Demikian pengalaman unik saya. Ada banyak pengalaman mudik orang lain yang lebih unik dan konyol yang bisa kita baca melalui berita atau medsos. Seperti yang pernah viral, seorang bapak yang ketinggalan istrinya di rest area. Itu belum termasuk hiburan membaca kutipan-kutipan yang dibawa oleh para pengendara motor di sepanjang jalan. Ada jeritan hati seorang jomblo menulis di belakang sepeda motornya: “Maafkan anakmu Mak, hanya bisa bawa ilmu, belum bisa bawa mantu”. Atau seperti seorang perantau bersepeda motor yang juga membawa tulisan: “Belum bisa beli Pajero, hanya bisa beli Revo”. Termasuk tulisan yang penuh makna seperti: “Wong tuo ora butuh bondo. Tapi butuh anak e teko. Sugih-kere tetep mulih Kediri (Orang tua tidak butuh harta benda. Tapi butuh anaknya tiba. Kayah-miskin tetap mudik ke Kediri).” Dan masih banyak lagi. Semuanya membawa kenangan indah tersendiri. 

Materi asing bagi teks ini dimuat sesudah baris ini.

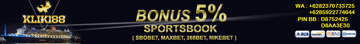 BONUS SPORTBOOK – KLIK188 akan memberikan bonus sebesar 10% kepada member baru yang melakukan deposit pertama, dan bonus 5% untuk deposit selanjutnya.

Demikianlah. Saya benar-benar rindu kemacetan arus mudik di Jawa (sekali lagi, kemacetan arus mudik! Bukan kemacetan harian orang-orang yang hendak berangkat kerja. Seperti potret harian penduduk Jabodetabek, Bandung, dan Surabaya). Kangen menyaksikan bahkan menjadi bagian langsung, dari antrian padat orang-orang, yang merayap menuju jalan panjang untuk pulang. 

Dalam makna yang lebih sufistik, mudik tidak sekadar pulang ke kampung halaman. Pada akhirnya, mudik adalah pengalaman yang akan dilewati oleh seluruh umat manusia: kembali kepada-Nya.